(Source records)
──────────────────────────────

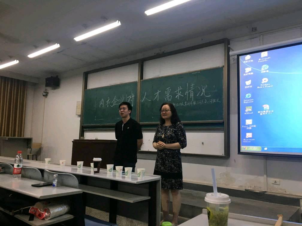 内衣系主任刘驰教授介绍了广东新怡内衣集团有限公司总裁何俊文先生,同学们表示热烈欢迎。
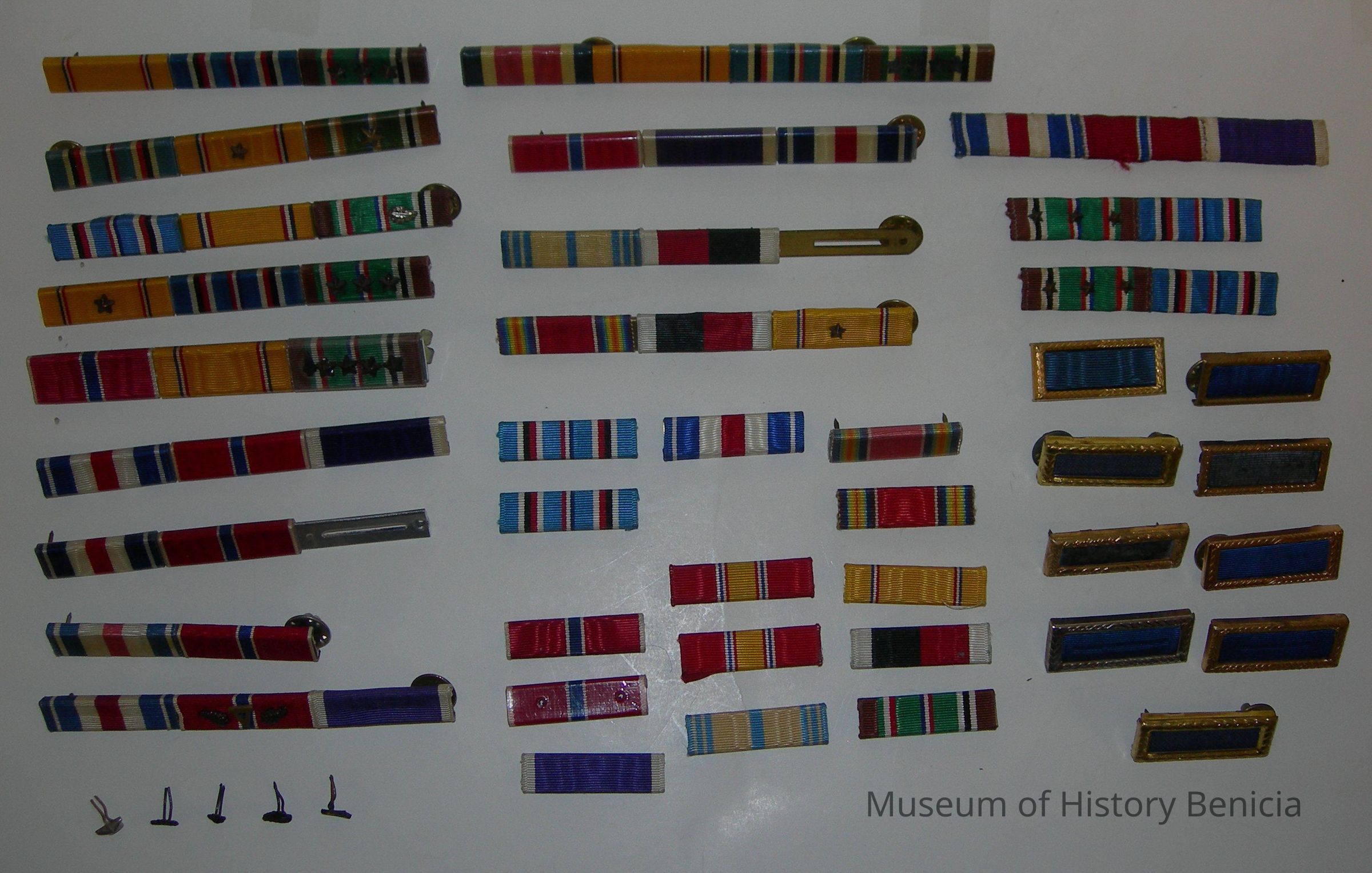 Awards represented in varying numbers: American Defense Service, American Campaign WWII, European-Africa-Mid East WWII, Bronze Star, Silver Star, Purple Heart, National Defense, Victory WWII, WWII Occupation, Armed Forces Reserve, Presidential Unit Citation, Belgian Croix de Guerre; also included are small stars, clusters and "V's" to attach to ribbons and empty barsCollection
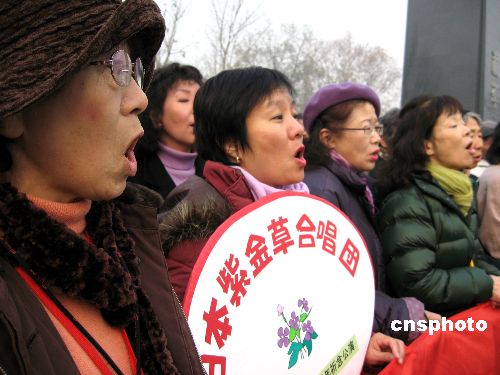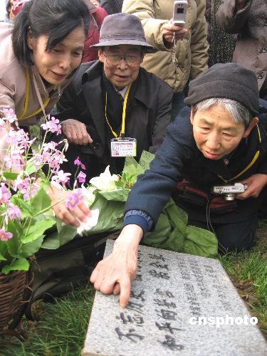 十二月十四日上午,日本友人在南京紫金草花園紀(jì)念碑前參加揭牌儀式。當(dāng)日,紫金草合唱團的一百五十一名友好人士,在侵華日軍南京大屠殺遇難同胞紀(jì)念館新館唱起和平歌曲,并將他們親手制作的紫金草紙花贈給新館。位于新館和平公園內(nèi)的紫金草花園由此正式揭牌。中新社發(fā) 朱曉穎
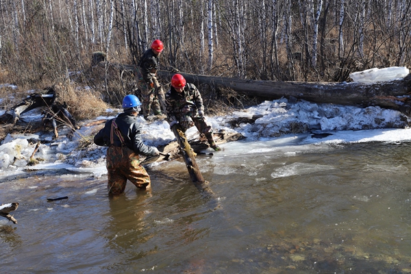 阿木爾林業(yè)局多種經(jīng)營公司職工清理水毀橋河道里的雜木。
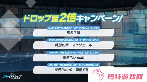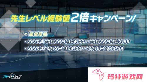 自日本时间 10 月 23 日(三)4:00 起,不同关卡的「掉落量 2 倍活动」以及「老师等级经验值 2 倍活动」将陆续开跑。
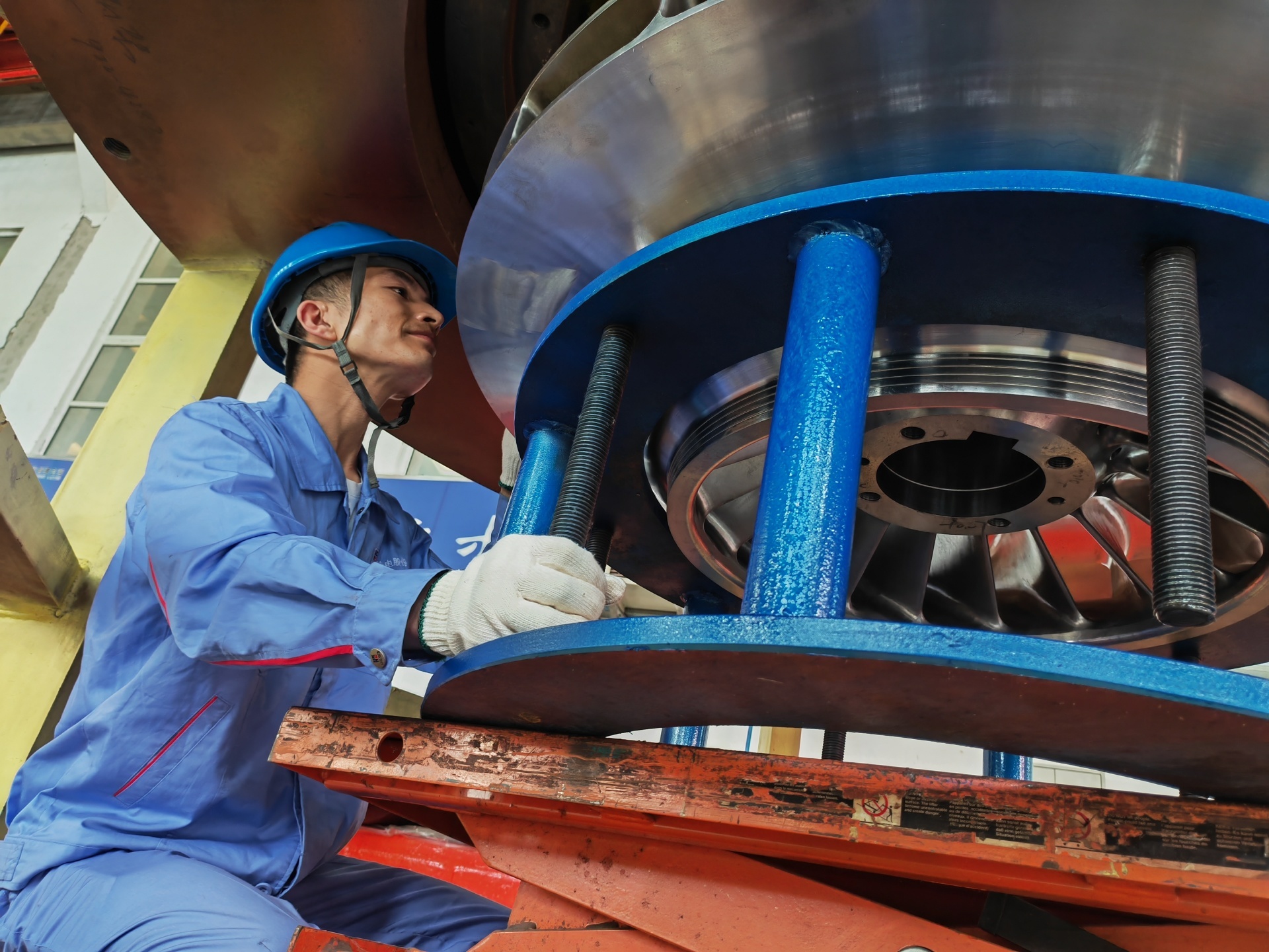 “將產品從試驗臺架吊運下來,依次拆卸導葉、葉輪,再對葉輪平衡孔進行擴孔處理,合成后再重新吊裝在試驗臺架上……”,這就是屏蔽車間裝配班組組長孫立佳這幾天帶領組員一同進行的產品拆裝任務。為了保證重點項目產品試驗的順利進行,不停工、不等待,今年44歲工作經驗豐富的孫立佳帶領班組成員,一日無休、加班加點隨時待命,積極配合試驗臺進行產品軸推力試驗。“能夠參與重點項目的生產任務很幸運,能為產品的順利試驗、按期交付貢獻出一份力量,我們很自豪。”在他的帶領下,班組成員一絲不茍,嚴格按照裝配規范,開展產品拆裝、緊固任務,一天反復拆裝2-3次,有效保證了產品試驗的順利進行。
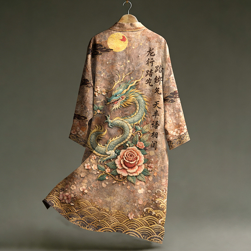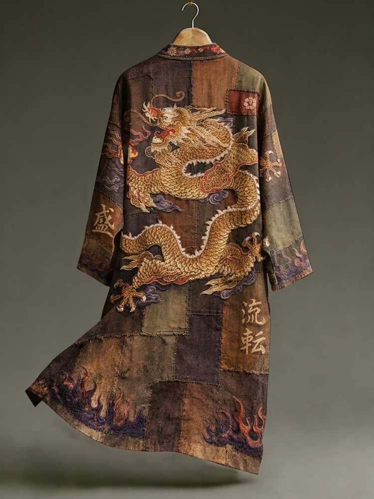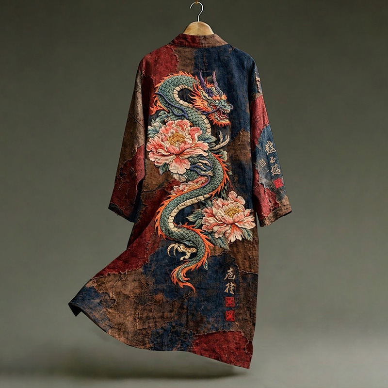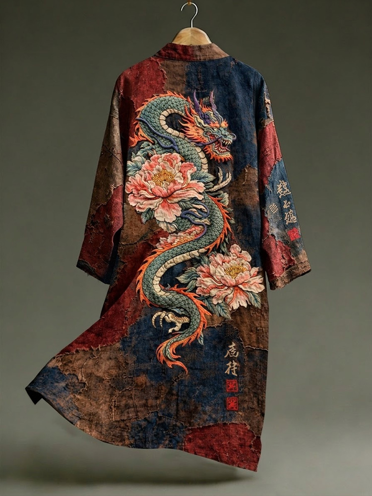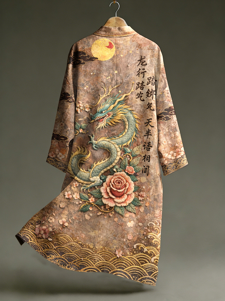Men's Vintage Japanese Dragon And Flower Art Linen Blend Long Kimono
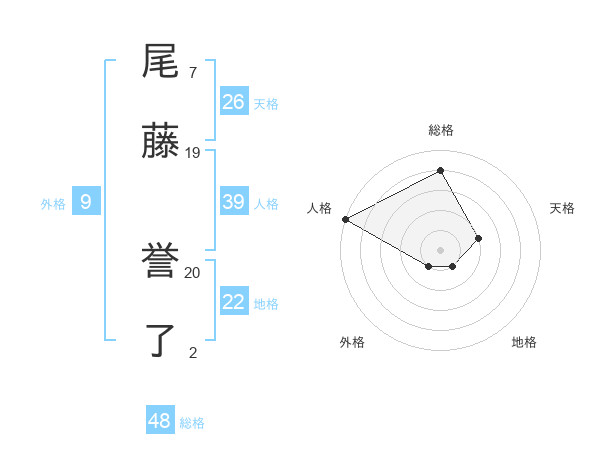 尾藤 誉了さんの総格は48画の4点!
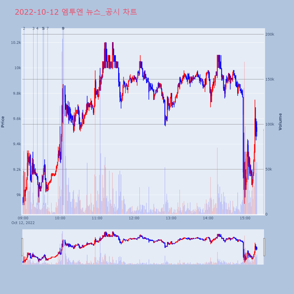 | 9 | 엠투엔, +14.90% VI 발동엠투엔이 VI가 발동했다. 전일 대비 14.90% 상승 | 조선경제 | 엠투엔 | 2022-10-12 10:05:52 |
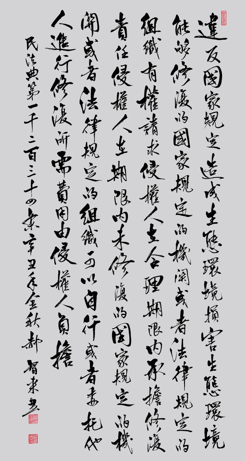 民法典第一千二百三十四條 違反國家規(guī)定造成生態(tài)環(huán)境損害,生態(tài)環(huán)境能夠修復(fù)的,國家規(guī)定的機(jī)關(guān)或者法律規(guī)定的組織有權(quán)請求侵權(quán)人在合理期限內(nèi)承擔(dān)修復(fù)責(zé)任。侵權(quán)人在期限內(nèi)未修復(fù)的,國家規(guī)定的機(jī)關(guān)或者法律規(guī)定的組織可以自行或者委托他人進(jìn)行修復(fù),所需費用由侵權(quán)人負(fù)擔(dān)。
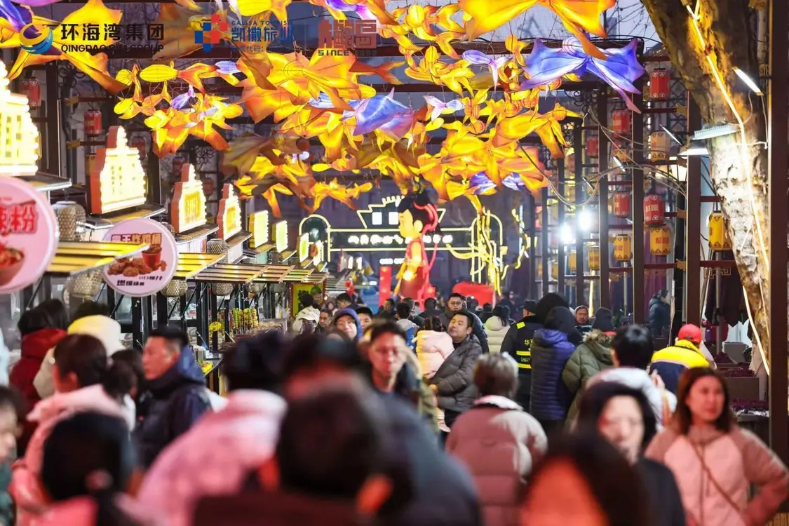 截至正月初五,糖球会大鲍岛会场(5天)累计接待游客已突破200万人次,实现销售额2000余万元,其中初四单日客流达48万人次、销售额494.4万元,创下近三年节会的新高。作为新晋国家4A级旅游景区,大鲍岛今年以“一体两翼”格局重构着青岛人的“年味时空”,而夜间的能量释放,正成为这场民俗盛会的新引擎。
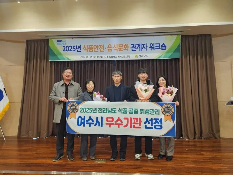 여수시, 전남도 2025년 식품·공중 위생업무 평가 우수기관 선정

──────────────────────────────

→ **Task directions**
Above are some entries; copy exactly the lines from the line with "阿木爾林業(yè)局多種經(jīng)營公司職工清理水毀橋河道里的雜木。" through the line with "2022-10-12 10:05:52 |", both included, but none of the pictures.

→ **Answer to this exercise**
 阿木爾林業(yè)局多種經(jīng)營公司職工清理水毀橋河道里的雜木。
 自日本时间 10 月 23 日(三)4:00 起,不同关卡的「掉落量 2 倍活动」以及「老师等级经验值 2 倍活动」将陆续开跑。
 “將產品從試驗臺架吊運下來,依次拆卸導葉、葉輪,再對葉輪平衡孔進行擴孔處理,合成后再重新吊裝在試驗臺架上……”,這就是屏蔽車間裝配班組組長孫立佳這幾天帶領組員一同進行的產品拆裝任務。為了保證重點項目產品試驗的順利進行,不停工、不等待,今年44歲工作經驗豐富的孫立佳帶領班組成員,一日無休、加班加點隨時待命,積極配合試驗臺進行產品軸推力試驗。“能夠參與重點項目的生產任務很幸運,能為產品的順利試驗、按期交付貢獻出一份力量,我們很自豪。”在他的帶領下,班組成員一絲不茍,嚴格按照裝配規范,開展產品拆裝、緊固任務,一天反復拆裝2-3次,有效保證了產品試驗的順利進行。
Men's Vintage Japanese Dragon And Flower Art Linen Blend Long Kimono
 尾藤 誉了さんの総格は48画の4点!
 | 9 | 엠투엔, +14.90% VI 발동엠투엔이 VI가 발동했다. 전일 대비 14.90% 상승 | 조선경제 | 엠투엔 | 2022-10-12 10:05:52 |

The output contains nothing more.